• Recinte Modernista de Sant Pau

    Uno stupefacente complesso modernista nel cuore di Barcellona

Il Recinte Modernista de Sant Pau è uno dei luoghi più stupefacenti di Barcellona. Situato a poche centinaia di metri dalla Sagrada Família e recentemente restaurato, è stato proclamato patrimonio dell’UNESCO nel 1997 assieme al Palau de la Música Catalana. Entrambe le strutture sono state progettate da Lluís Domènech i Montaner, architetto modernista di grande fama.

Il progetto

Più che una sola struttura, il Recinte Modernista è un complesso di edifici costruito tra il 1902 e il 1930. Il risultato è un insieme di 12 strutture dall’aspetto strabiliante, immerse nel verde, concepite come prima sede dell’Hospital de la Santa Creu i Sant Pau. Inoltre, questo luogo detiene un vero primato: si tratta del complesso modernista più grande al mondo!

Per diversi anni, questa piccola città nella città ospitò i malati e contribuì alla cura dei pazienti qui ricoverati. Ritaglia qualche ora per visitare questo angolo di Barcellona così particolare. Non ti sembrerà affatto di visitare un ex-ospedale, ma un luogo da favola! Dall’esterno, i suoi padiglioni ti colpiranno con le loro forme eclettiche, i mattoni rossi, le ampie vetrate dai contorni geometrici e lobati, e le numerose decorazioni in ceramica colorata.

I padiglioni del Recinte Modernista

Nella loro conformazione, i padiglioni volevano emulare le eleganti ville moderniste di campagna. E proprio come queste, furono concepiti per essere immersi in un contesto incantevole. Ancora oggi è possibile passeggiare per i viali verdi e ariosi che collegano un padiglione all’altro. Lo sapevi che le varie strutture sono connesse anche da diversi chilometri di tunnel? Per il personale sanitario era infatti più pratico avvalersi di questi passaggi sotterranei per spostarsi da un padiglione all’altro.

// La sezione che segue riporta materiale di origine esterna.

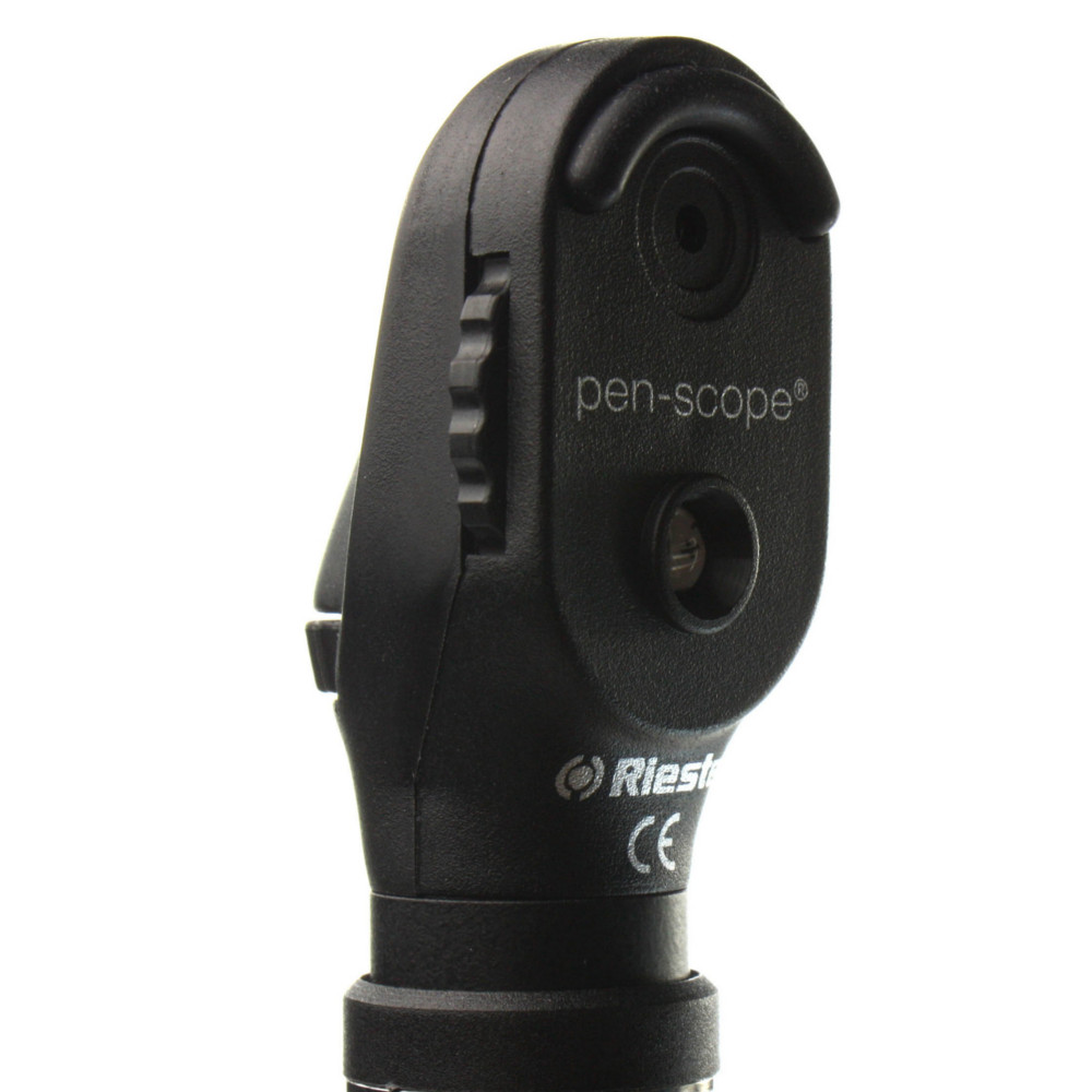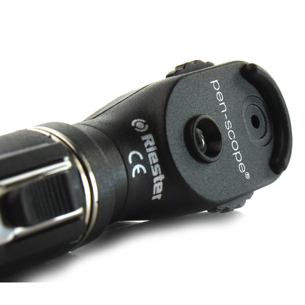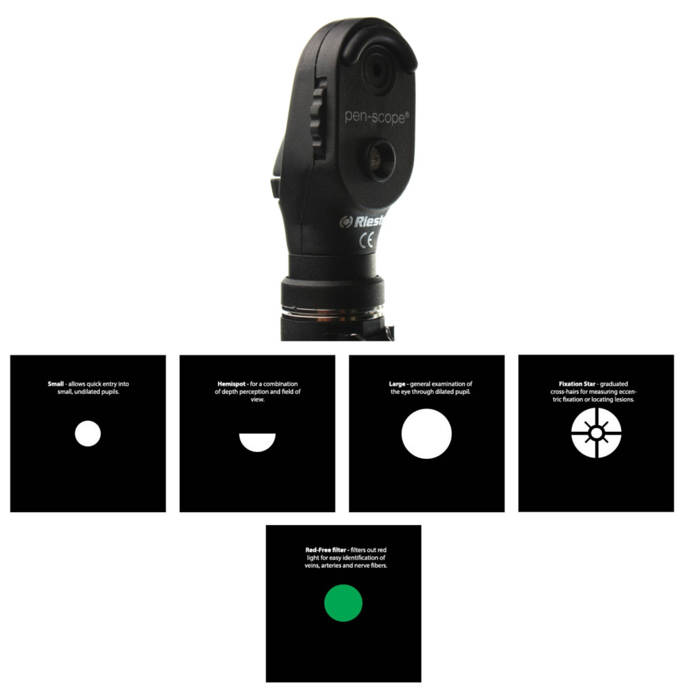 Oftalmoscop Riester pen-scope®, bec halogen HL 2.5V, dioptrii de la -20 la + 20, cerc mic, cerc mare, fanta, semicerc, cerc diagrama, carcasa din plastic ranforsat, inele de metal cromat, tratate anticoroziune.

Già guardando le forme monumentali del padiglione di ingresso rimarrai senza fiato. L’entrata principale è orientata di 45° creando una rottura nell’impianto regolare dell’Eixample, scandito dai suoi inconfondibili isolati quadrangolari.

L’ingresso guarda verso la vicina Sagrada Família, in direzione del mare: è possibile che il motivo di tale orientamento fosse dovuto a intercettare l’aria salmastra per una ventilazione più salubre del complesso ospedaliero. Un’altra interpretazione riguardo questa scelta architettonica è invece legata alla precisa volontà di Domènech i Montaner di scompigliare l’ordine perfetto dell’Eixample. Pare infatti che non amasse particolarmente la sua griglia così regolare!

La visita vera e propria comincia nella Sala Ipostila, in origine destinata al servizio di emergenza. Attraverso la rete di tunnel giungerai al Padiglione Sant Salvador, che per primo entrò in funzione nel 1916. Qui, l’allestimento ti farà scoprire la carriera di Lluís Domènech i Montaner e la storia del vecchio ospedale. Fu il ricco banchiere Pau Fil a finanziare la costruzione di quello che oggi è lo splendido Recinte Modernista, concepito come un ospedale nell’interesse dell’intera città. Ecco perché il nome “Pau” fu incluso nella dicitura, seppur con un riferimento al santo omonimo.

Dopo la sosta al Padiglione di Sant Salvador, è tempo di ritornare all’aria aperta e ammirare dall’esterno le altre strutture che componevano l’ospedale. Nel tragitto, vedrai anche i meravigliosi giardini che sono stati ripristinati. Camminando tra fiori e piante, scoprirai come queste fossero fondamentali al tempo nella cura dei pazienti. Inoltre, furono una grandissima fonte di ispirazione per le decorazioni moderniste che adornano ogni padiglione, dentro e fuori.

La visita al Recinte Modernista de Sant Pau è una vera e propria immersione nelle bellezze dell’architettura modernista fuori dai sentieri battuti dei più celebri siti come Casa Batlló, la Pedrera o Park Güell, e perciò ancora più affascinante. A questo, si unisce l’esperienza di scoperta rispetto la storia della medicina e l’evoluzione di questa zona di Barcellona nei secoli. Il tutto, in un contesto unico che non ha eguali né in Catalunya né altrove.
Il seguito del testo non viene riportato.